Kremikovtsi Monastery
Kremikovtsi Monastery was founded during the 14th century, again probably due to Tzar Ivan Alexander, when 14 monasteries known as the Sofia Mount Athos were erected around Sofia. Destroyed in 1332, Kremikovtsi Monastery was among the first monasteries to be restored later – in 1493 the buildings were restored, and St. George’s Church erected, the sole survivor today. On the outside, the church is small and insignificant, like all the semi-legal buildings of those dark times.

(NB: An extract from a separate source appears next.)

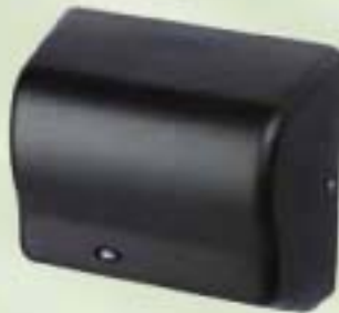
GX-BG Series Black Graphite

As compensation, the murals (partially preserved today) turned the interior into a glittering gallery. The spirit is here alive of the aristocratic Turnovo School. The coloring is respectfully solemn, the drawing elegant, to the point of exquisiteness, the figures are lofty and exalted. The artists of the Kremikovtsi Church of Saint George the Victorious were no blind imitators of traditional methods. In the overall composition of the frescoes-murals, they introduced a new element, which renewed the art of the time, and became traditional. This is the richly ornamented frieze of the waist-length figures of saints and martyrs, introduced for the first time, which separated the classic upright saints from subject scenes diversifying and enriching the general picture. Kremikovtsi Monastery also contains some valuable examples of calligraphic art, which was particularly perfected here during the 15th century, when the Sofia School of Literature was created and developed at Dragalevtsi, Kremikovtsi, Kokalyane, German and other monasteries. The so-called Kremikovtsi Gospel is an example of it.